This is just not true.

In Toronto for instance, the majority of pedestrian deaths are caused by impaired/distracted drivers with a significant portion of failure to yield by left turning drivers at major, light controlled intersections.

There isn't even a category for "four way stop" pedestrian fatalities.

Speed is nearly everything and controlling (ie. reducing) speed should be the primary way to influence fatality rates.

Having lived in both Toronto and SF, both cities with 4-way stop and controlled lights intersections.

I'll take 4-way stop any day since speeds are lower. Much better to get hit by a car at near zero speed than a right or left turning car at higher speed. Which is probably why Toronto doesn't have a category for four way stop fatalities.

(The worst are SF's 2-way stops at intersections between equally-sized roads that show up randomly throughout Sunset. Worst of both worlds.)

  • > I'll take 4-way stop any day since speeds are lower.

    Exactly. People are, at worst, doing a "rolling stop" so they are still only going a few kph when they "didn't see" you.

    • A municipality could (and should) add speed bumps or other traffic-calming measures even at the approach the light-controlled crossing where pedestrians are often present.

  • > (The worst are SF's 2-way stops at intersections between equally-sized roads that show up randomly throughout Sunset. Worst of both worlds.)

    As a cyclist, I've been yelled at by drivers for not stopping at that type of intersection, where they have a stop sign and I don't. People are working off of their personal version of the rules of the road, where they are always right.

  • > (The worst are SF's 2-way stops at intersections between equally-sized roads that show up randomly throughout Sunset.
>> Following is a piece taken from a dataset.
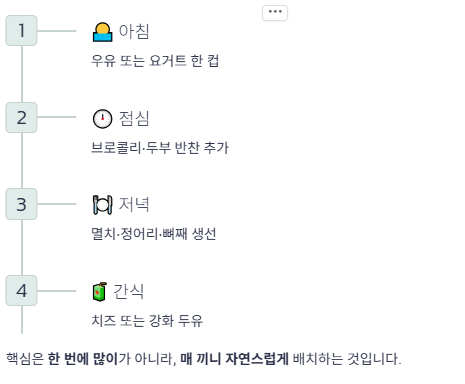 간식으로는 치즈나 강화두유를 활용할 수 있습니다. 핵심은 한 번에 많이 먹는 것이 아니라, 매 끼니에 칼슘 식품을 자연스럽게 배치하는 것입니다.

Worst of both worlds.)

    If you think that's bad, Seattle has 0-way stops at intersections in residential. AFAIK, the rule is if you have a stop sign, you must stop; if you don't have a stop sign and other directions do, you have right of way and should proceed if safe; if you don't have a stop sign and neither does anyone else, treat it as an all-way stop. But from my observations, common behavior is to make it through the intersection about half way before realizing there are no stop signs and then just continue through because what else can you do at that point?

    Here's a particularly challenging example: https://maps.app.goo.gl/gmuFk8jbo4GMJ1Ru7 where five roads come together with no signage.

What you are describing has a major sampling bias: most pedestrian fatalities will be at large intersections with many lanes crossing each other. Those intersections are on busy streets where drivers are going fast and where there are an insane number of conflict points. Yes, they're invariably controlled by a signal, but that's because a four-way stop is totally out of the question. The signal didn't cause the fatalities, it was necessary to install it because of the same factors that lead to fatalities.

Using that data doesn't remotely begin to predict what happens when you take a small four-way stop and add a signal to control it. Adding a signal does not create new conflict points, it does not increase the speed limit on the road, all it does is control the intersection in a more aggressive way.

  • > What you are describing has a major sampling bias: most pedestrian fatalities will be at large intersections with many lanes crossing each other. Those intersections are on busy streets where drivers are going fast and where there are an insane number of conflict points.

    That's not what the point plot of the Toronto data shows. Many of our fatalities are on city streets with 40 or 50 km/h speed limits.

    Anyway, I was responding to the OP who was claiming that they would rather deal with stop lights than 4 way stops. There is nothing that shows that 4 way stops are dangerous at all, let alone more dangerous than light controlled stops in similar situations.